A different sport but the same outlook - it was startling to see that the mindset of the Seahawks had the Raiders beaten before kick off. Further to that, Oakland don’t have the worst team in the league on paper, far from it, and they shouldn’t be where they are. Maybe they’ve been taking some consultation from Chris Coleman and Simon Grayson?

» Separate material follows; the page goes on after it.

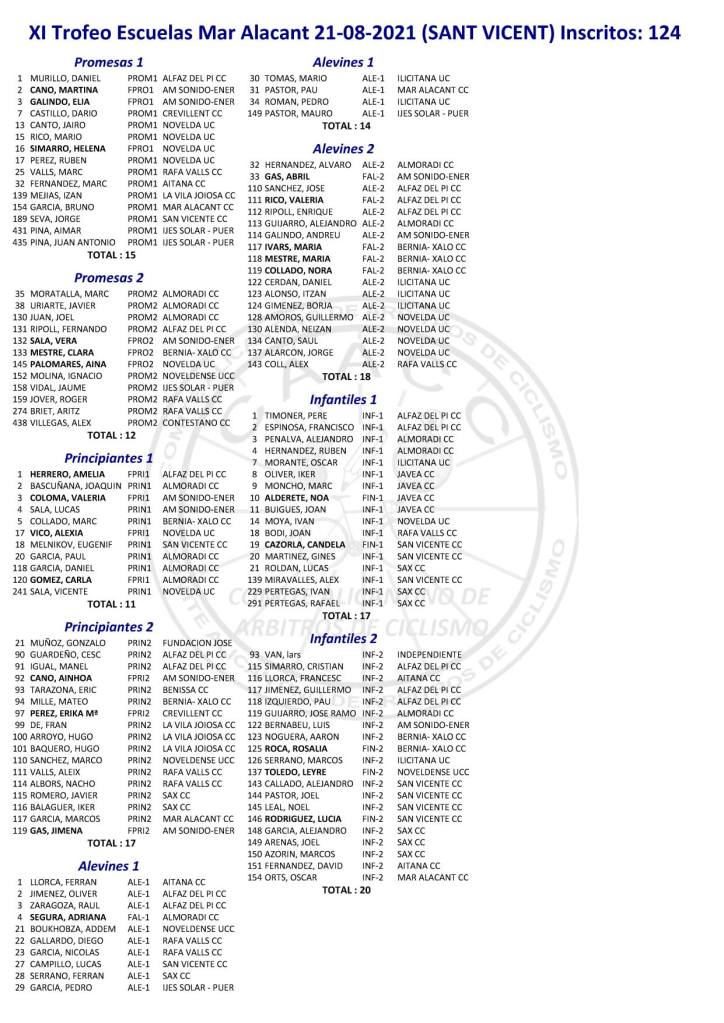 El sábado se disputa en San Vicente del Raspeig el XI Trofeo de Escuelas de Ciclismo Mar Alacant con la presencia de 125 ciclistas pertenecientes a veinte clubes. La competición comenzará a las 18 horas y está destinada a las categorías Promesas Masculino 2, Promesas Masculino 1, Promesas Femenino 2, Promesas Femenino 1, Principiantes Masculino 2, Principiantes Masculino 1, Principiantes Femenino 2, Principiantes Femenino 1, Infantil Masculino 2, Infantil Masculino 1, Infantil Femenino 2, Infantil Femenino 1, Cadete Fem., Alevín Masculino 2, Alevín Masculino 1, Alevín Femenino 2, Alevín Femenino 1 y Adaptado. La organización, el Club Ciclista Mar Alacant, ha diseñado un circuito de en Polígono Canastel y la salida y meta está situada en el calle Martillo.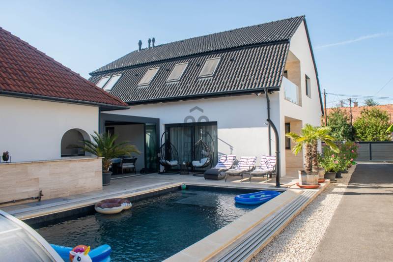 Letisztult formák, természetközeli életérzés, kompromisszumok nélküli OTTHON.Egy hely Szegeden, ahol a város ritmusa lelassul és a víz közelsége az egész napnak új jelentést ad.A Holt-Tisza partján található ez a 2020-ban teljesen újjáépített, prémium minőségű, összesen 361 m²-es modern ingatlan, amely a mai luxusotthonok minden ismérvével rendelkezik:tágas terek, természetes fény, időtálló anyagok, intelligens technológia, gondosan megkomponált részletek.RÖVID ÖSSZEFOGLALÓ:• 361 m² összterület • 1071 m² vízparti telek• 3 állásos garázs + SAJÁT MÓLÓ• Fűthető, fedett medence ellenáramoltatóval• 26 m² bioklimatikus pergolával fedett terasz• Loxone okosotthon rendszer, talajszondás hőszivattyú, mennyezethűtés• Teljes bútorzat és berendezés az árban• Rövid időn belül költözhető, magas minőségű családi házA LOKÁCIÓ – vízparti nyugalom, városi kényelemA saját móló és a víz közelsége olyan életmódot tesz lehetővé, amely más ingatlanoknál ritka: reggeli kávé a vízpparton, déluáni SUP-túra, esti sütögetés, horgászás vagy csak a természet csendes jelenléte.A FŐÉPÜLET – modern elegancia és időtálló funkcionalitásA 180 m²-es főépület központi tere a 76,8 m²-es amerikai konyhás nappali, amelyet körbeölel a fény és a kert látványa.A hatalmas üvegfelületek és a letisztult belsőépítészeti megoldások olyan egységet alkotnak, ahol a külső és belső tér kapcsolata szinte folyamatos.Tágas előszoba és közlekedő, 2 modern kialakítású fürdőszoba, 4 szoba (24,4 m2, 14 m2, 12,6 m2, 9m2 , melyből egy jelenleg gardróbként funkcionál), háztartási helyiség és gépészeti helyiség biztosítja a mindennapok kényelmét.A nappaliból közvetlen kapcsolat vezet a 26 m²-es, bioklimatikus pergolás teraszra, amely egész évben használható élettér – tökéletes helyszín étkezésekhez, pihenéshez vagy vendégfogadáshoz.A gondozott, átgondolt, harmonikus KERT és a fűthető, fedett, ellenáramoltatóval felszerelt MEDENCE garantálja a teljes kikapcsolódást a fárasztó hétköznapokat követően.A VENDÉGHÁZ – önálló lakótér, maximális kényelemmelAz 50 m²-es vendégház teljes értékű lakóegység amerikai konyhás nappalival,hálószobával, modern fürdőszobával, gardróbbal.Ideális többgenerációs használatra, felnőtt gyermek számára, nagyszülőknek vagy vendégeknek – külön, mégis kényelmesen közel a családhoz.MŰSZAKI FELSZERELTSÉG – a modern otthon láthatatlan kényelmeAz ingalan korszerű, energiahatékony és intelligens rendszerekkel működik:• Loxone Smart Home rendszer• talajszondás hőszivattyú• padlófűtés és mennyezethűtés• szellőztető rendszer• 3 rétegű üvegfelületek• elektromos redőnyök• központi porszívó• kamera rendszer + riasztó• automata öntözőrendszer + fúrt kút• vendégház: elektromos kazán + radiátoros fűtés• 3 állásos garázs (105 m²)• pince (25 m²) + tároló (15 m²)Ez a Holt-Tisza-parti családi ház egy olyan otthon, ahol minden tér a fényre, a nyugalomra és a kényelmes, modern életre van hangolva.A természet közelsége és a technológiai felszereltség együtt adja a prémium életminőség élményét.**Tekintse meg személyesen, hívjon bizalommal!

Sunderland are determined not to be defined as a League One club, not to act like shrinking violets but rather, Chris Maguire’s. To build for the future with young superstars like Maja and have a set of fans that are behind them every step of the way.
Sunderland needed reform - what they got was an intrinsic root and branch surgery that’s been a tremendous success - and it’s taken a day surrounded by people dressed as Seagulls for me to realise.
I’ve always appreciated the importance of self-belief in sport. As I left the stadium, the biggest lesson I learned was just how important that confidence and belief is. Without it, you’re Oakland, you’re David Moyes, you’re getting humbled at home and you’re hopeless. With it, you’re Seattle, you’re Jack Ross, you’re hopeful, and come May, maybe, just maybe, you’re Champions.